* Instructions for the task *
Copy out the listing that follows, exactly, without its pictures.

### Data

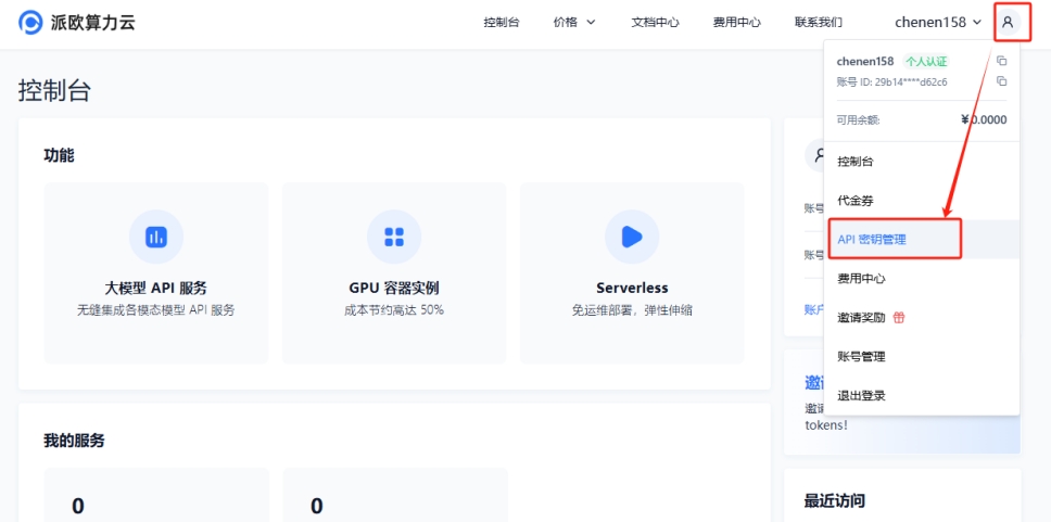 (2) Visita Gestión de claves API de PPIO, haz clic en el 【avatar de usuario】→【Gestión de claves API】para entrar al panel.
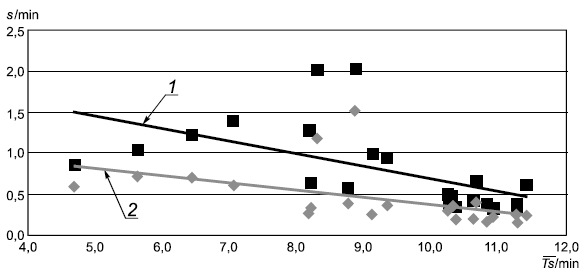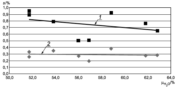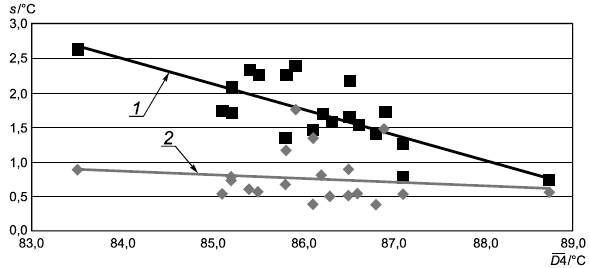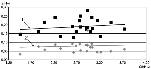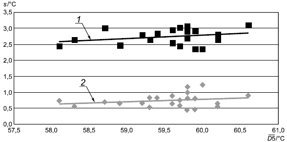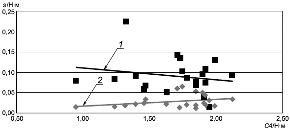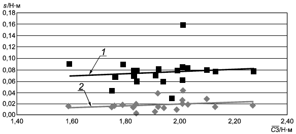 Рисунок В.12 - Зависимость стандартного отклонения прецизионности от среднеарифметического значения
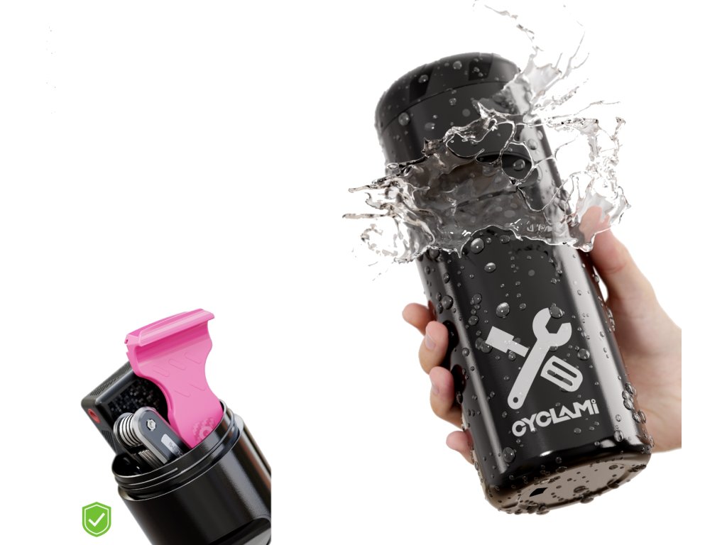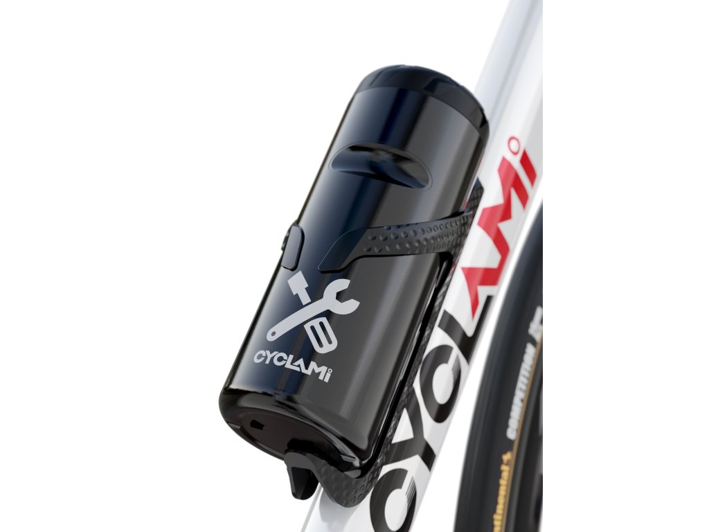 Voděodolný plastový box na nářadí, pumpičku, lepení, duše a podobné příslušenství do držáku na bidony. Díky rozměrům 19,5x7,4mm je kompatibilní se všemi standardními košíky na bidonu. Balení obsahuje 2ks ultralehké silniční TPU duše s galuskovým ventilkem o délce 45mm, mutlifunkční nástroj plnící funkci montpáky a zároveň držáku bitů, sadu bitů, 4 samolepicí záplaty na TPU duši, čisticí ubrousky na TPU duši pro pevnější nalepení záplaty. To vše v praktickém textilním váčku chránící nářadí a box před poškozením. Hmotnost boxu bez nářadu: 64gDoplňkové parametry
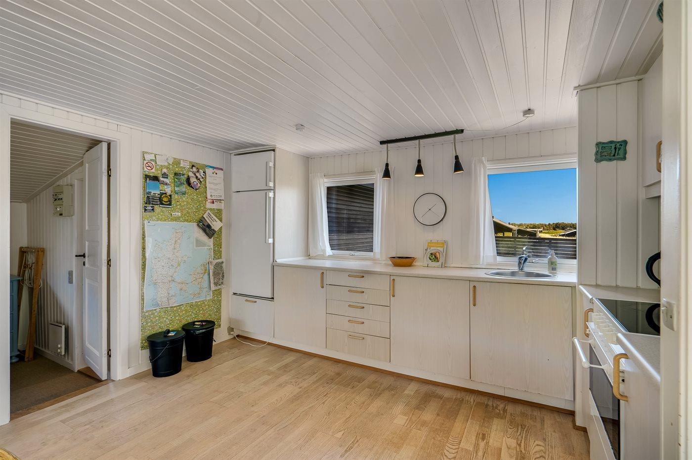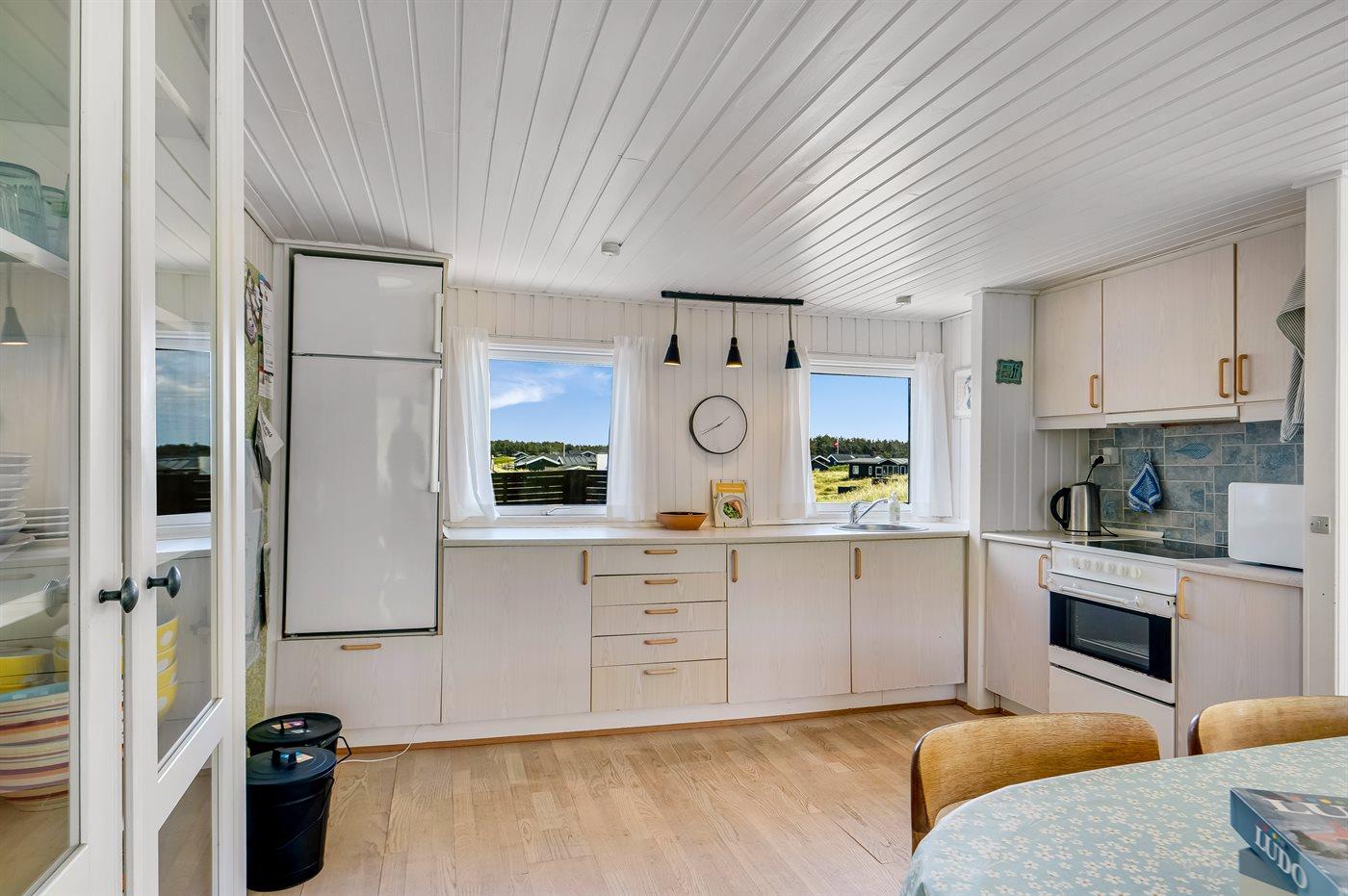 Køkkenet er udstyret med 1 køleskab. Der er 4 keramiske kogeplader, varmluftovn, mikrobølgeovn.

######

* Response for this exercise *
 (2) Visita Gestión de claves API de PPIO, haz clic en el 【avatar de usuario】→【Gestión de claves API】para entrar al panel.
 Рисунок В.12 - Зависимость стандартного отклонения прецизионности от среднеарифметического значения
 Voděodolný plastový box na nářadí, pumpičku, lepení, duše a podobné příslušenství do držáku na bidony. Díky rozměrům 19,5x7,4mm je kompatibilní se všemi standardními košíky na bidonu. Balení obsahuje 2ks ultralehké silniční TPU duše s galuskovým ventilkem o délce 45mm, mutlifunkční nástroj plnící funkci montpáky a zároveň držáku bitů, sadu bitů, 4 samolepicí záplaty na TPU duši, čisticí ubrousky na TPU duši pro pevnější nalepení záplaty. To vše v praktickém textilním váčku chránící nářadí a box před poškozením. Hmotnost boxu bez nářadu: 64gDoplňkové parametry
 Køkkenet er udstyret med 1 køleskab. Der er 4 keramiske kogeplader, varmluftovn, mikrobølgeovn.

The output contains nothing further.